I did what he said, because that’s what I did, most of the time, but now, when I faced the bag down, my view was blurred by the tears in my eyes. Push, push, push, that’s all anyone did. My feet and my fists slammed into the bag with wild abandon, sending it rocketing on its chain, and I stepped in and caught the backswing face on before striking again. Ever since I’d gotten here, I’d been pushed by one group or another. Do this, choose this, let them sniff you, let them fight.
Bang, bang, bang!
I was doing this all wrong. It hurt my wrists when I didn’t hit the bag square on the knuckles, the slap of it against my knees and feet feeling like one to the face. My muscles screamed, and sweat poured down my face and into my eyes, masking what came.

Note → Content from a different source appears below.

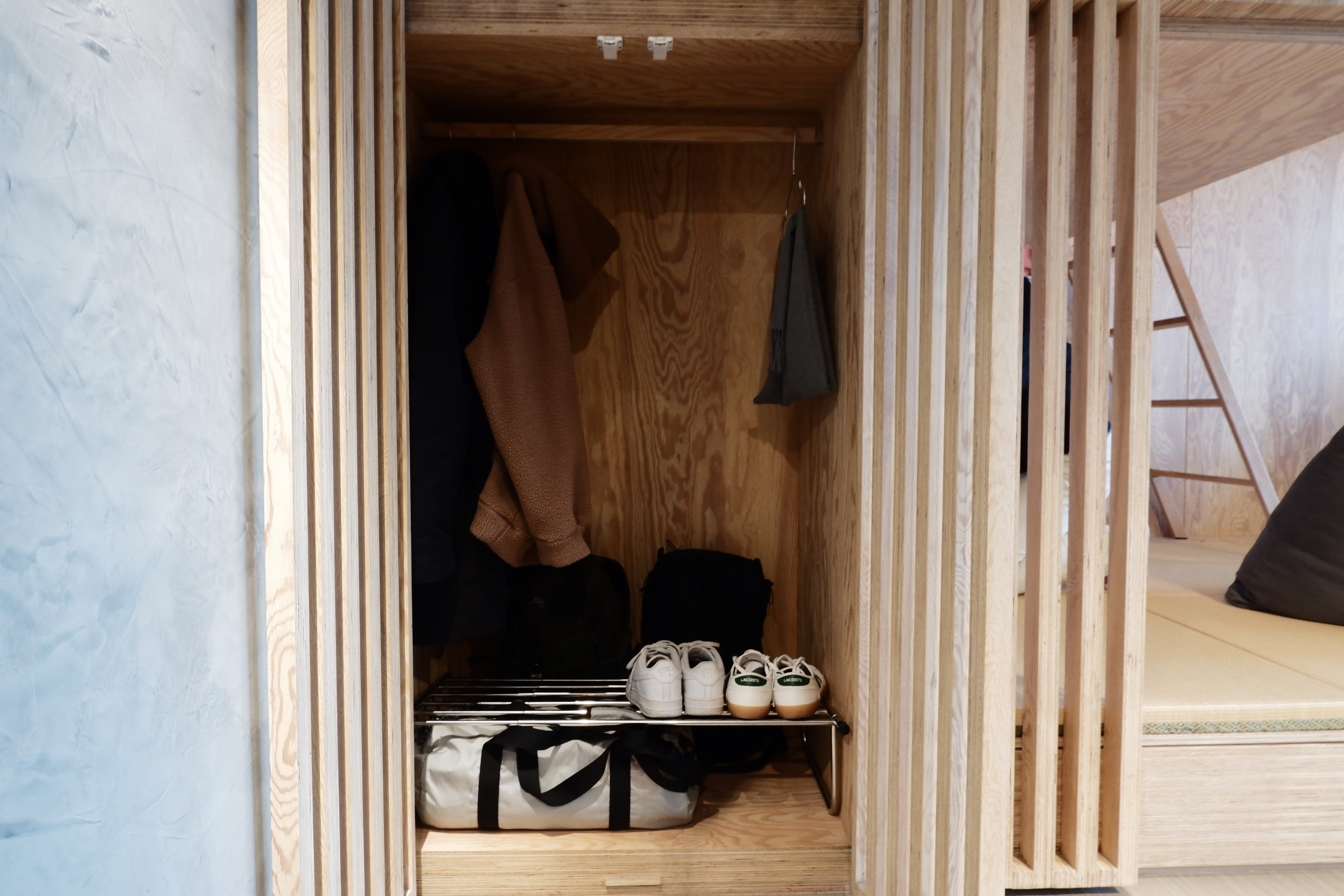 裡頭很貼心附有可以吊外套的衣架,行李塞在裡頭,整個房間就不會亂了。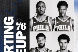 76人首发:马克西、埃奇库姆、乔治、巴洛、恩比德。

The first sob was too loud, too harsh, announcing to the whole room what was happening, but when I heard them come forward, I kept on punching. My fists flew wide, the bag smacking into me as my knee thrust pushed me off balance, but I snapped back onto my own two feet. I kept striking at the bag, but it wasn’t wh
ere it should be, careening now in patterns I couldn’t follow and catching me in its wild swings.
Then I did what I’d always been told not to do—left my side wide open as I threw a wild punch, and the bag took the advantage. It slammed into my side, and a great surge of pain blossomed out, out, out, through my whole body as I staggered back.
I went down, not because of my fuck up but because my body couldn’t anymore. I couldn’t dodge or weave or punch. I could barely breathe. I sucked oxygen in with great shuddering breaths, but right when I needed it most, my body refused. How could I take a full breath when this was taking up all the space in my chest? I was on my knees, wavering, and that was fitting, because this, this would have me beat.
Dad…
Zack had helped me keep that at bay for the moment, but now it came rushing back twice as hard, and when he came to stand before me, I saw in his face that this was exactly what he’d planned.
“No…” I croaked.
“Yes, baby. It’s what has to happen. You can’t compartmentalise this, not this.”
“No!” I screamed as he bent down and scooped me up. I screamed it again as he held me close. As my nails clawed his back, tearing the fabric of his T-shirt, scoring his flesh deep. Again as I thrashed in his arms.
He had me gripped tight, just as the black wolf of grief did. Both brought with them the too bright room, the hiss of the ventilator, my scream matching the high-pitched alarm from the vital signs monitor as I realised that my dad had been dead the moment I woke up from my sleep. That brief time, early in the day, that’s all I got with him, just watching the machine breathe for him.
“It’s OK. It’s OK…” Zack said the words like a prayer now, over and over, and for once, I was glad to hear that calm shredded just like mine was. He was pleading almost, his voice growly and ragged, his hold tight until finally, finally, I went limp.
It all came rushing in, all of it—the pain, the loss, the disbelief, the total spaced out feeling of unreality, because surely this wasn’t the way it worked. I needed, no, deserved another chance. But I wasn’t gonna get it, and that hit me hardest. No matter what I thought or felt, this was the reality. This was the way it was going to be.